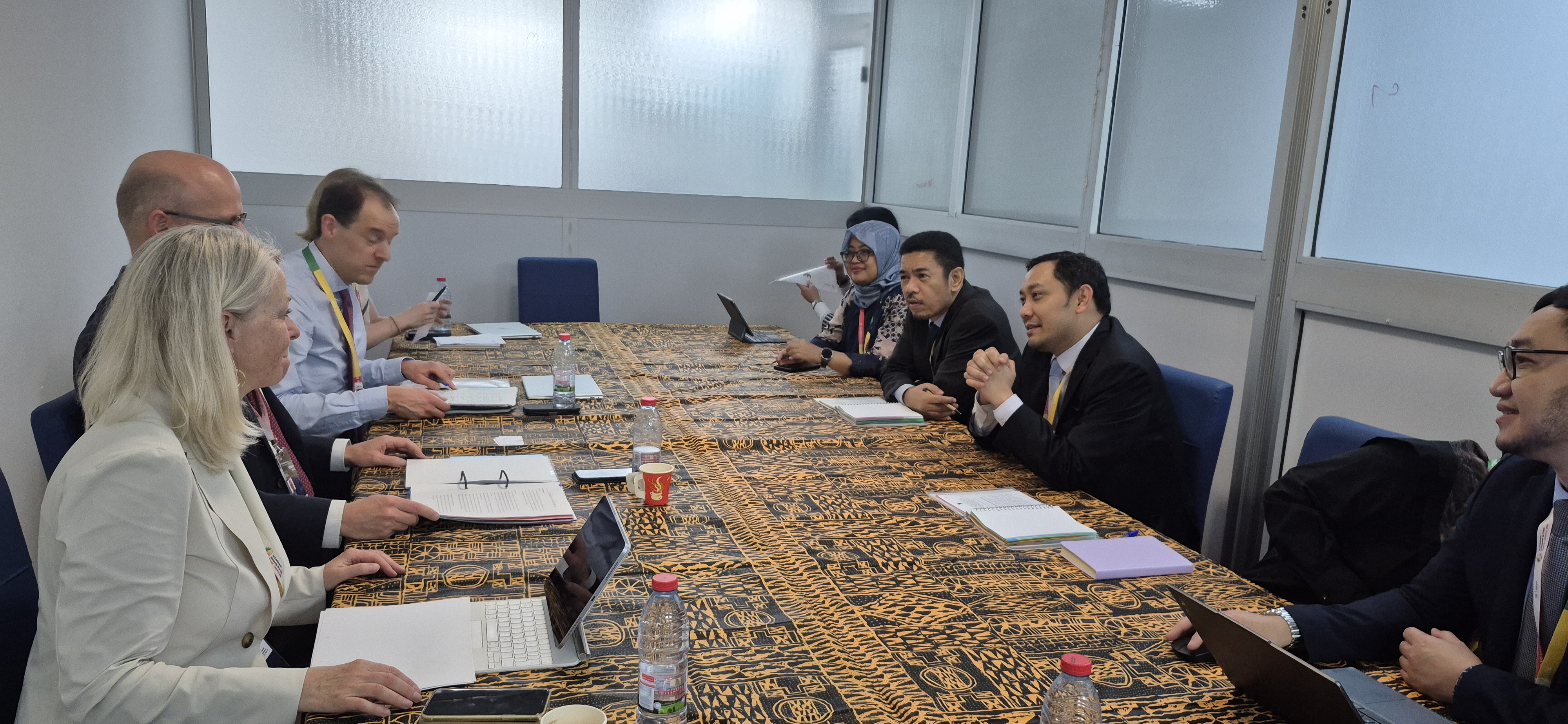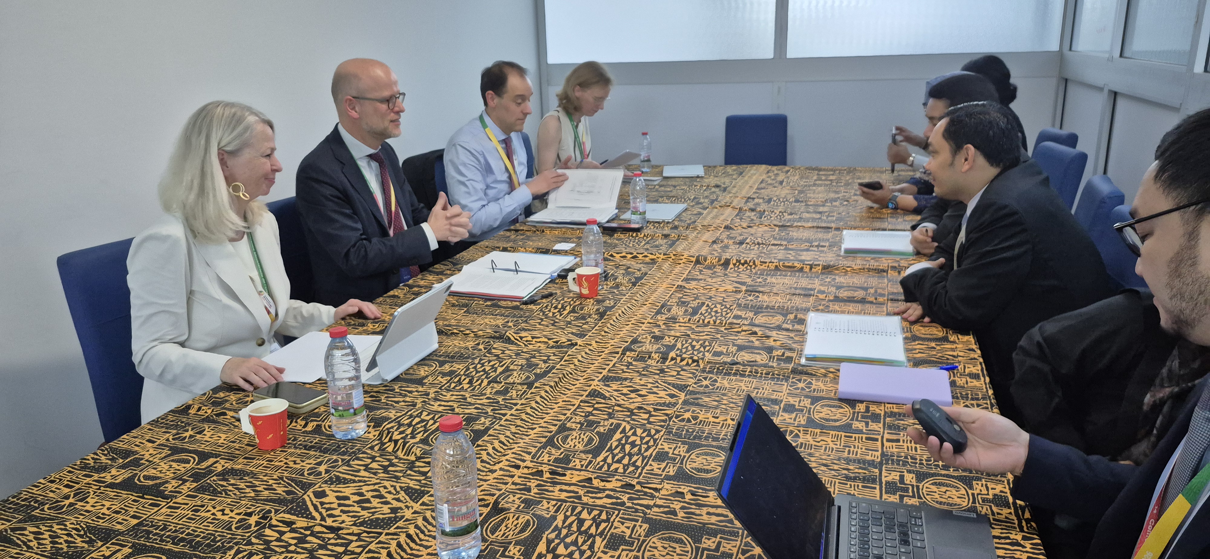 Staf Ahli Menteri Perdagangan RI Bidang Hubungan Internasional, Johni Martha memimpin Delegasi Indonesia dalam pertemuan bilateral dengan Delegasi Swedia pada rangkaian Konferensi Tingkat Menteri (KTM) ke-14 WTO di Yaoundé, Kamerun, Jumat (27 Mar).
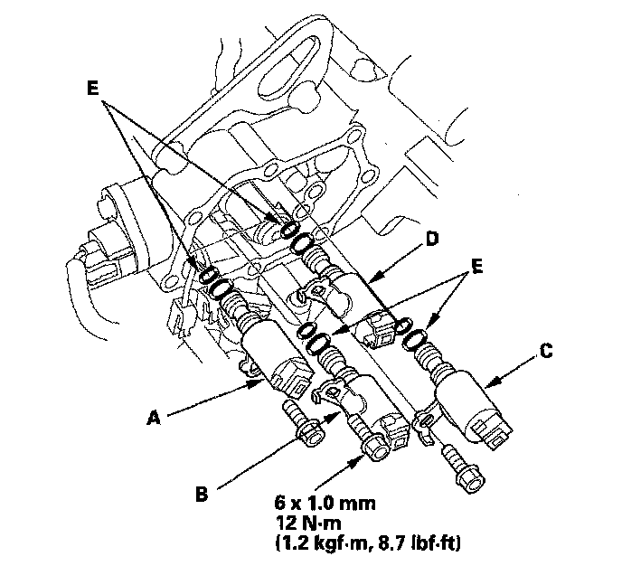 16. Replace the gasket and O-rings (E) with new ones when installing A/T clutch pressure control solenoid valve A and B.
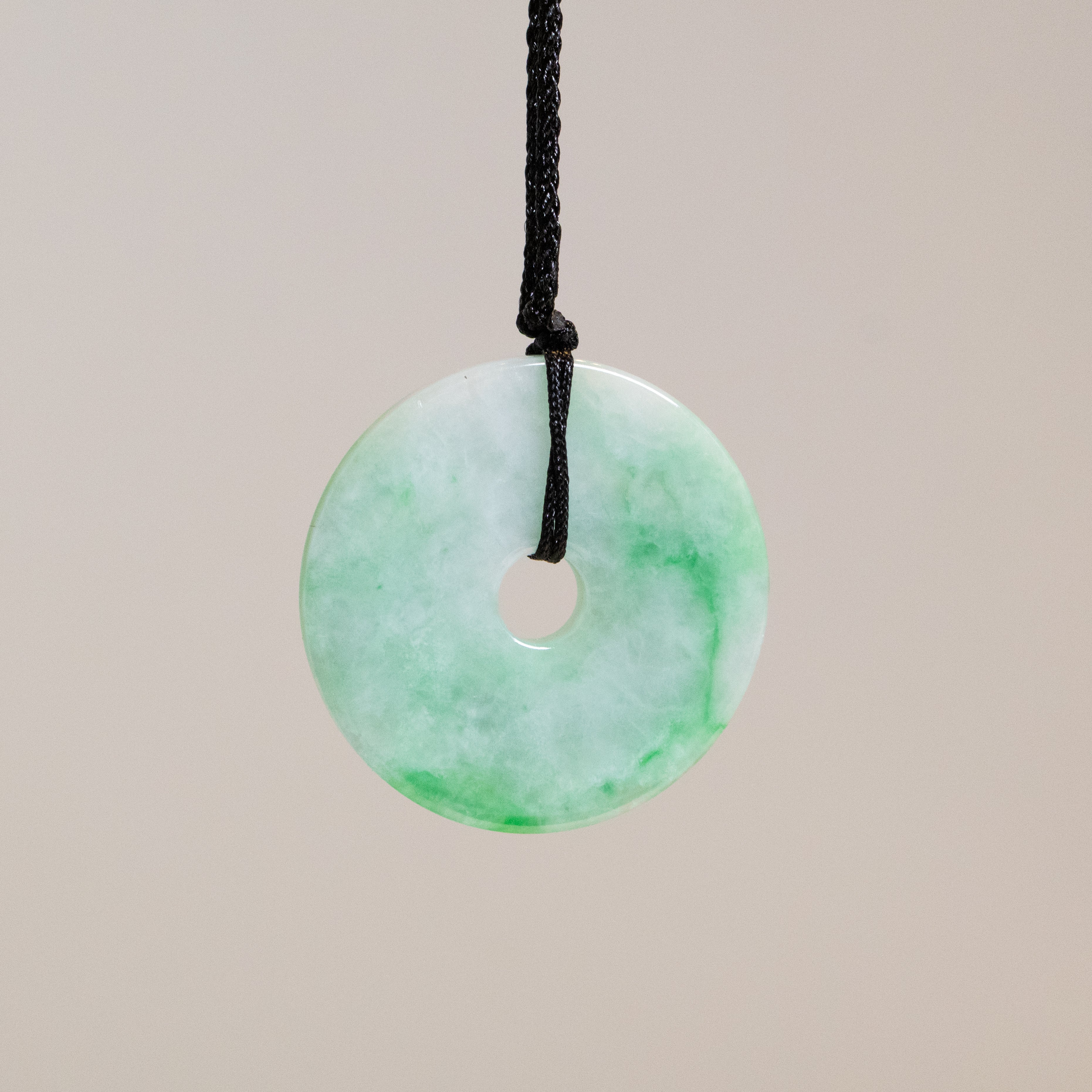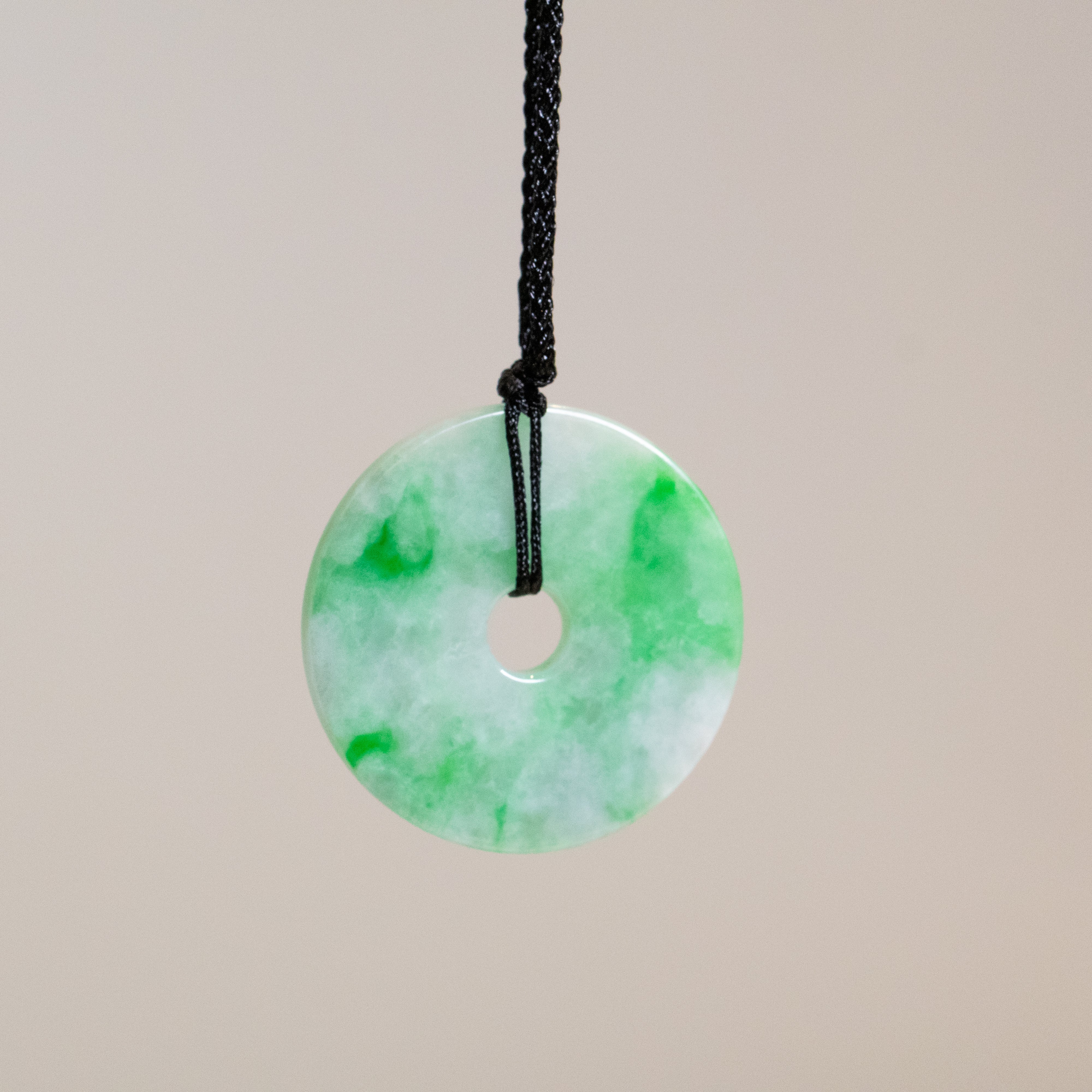 Green Jade Round Donut Pendant 32mm - Calming Gemstone

- **Work to complete**
Copy out all of the material exactly as written, without its pictures.

- **Task solution**
 Staf Ahli Menteri Perdagangan RI Bidang Hubungan Internasional, Johni Martha memimpin Delegasi Indonesia dalam pertemuan bilateral dengan Delegasi Swedia pada rangkaian Konferensi Tingkat Menteri (KTM) ke-14 WTO di Yaoundé, Kamerun, Jumat (27 Mar).
 16. Replace the gasket and O-rings (E) with new ones when installing A/T clutch pressure control solenoid valve A and B.
 Green Jade Round Donut Pendant 32mm - Calming Gemstone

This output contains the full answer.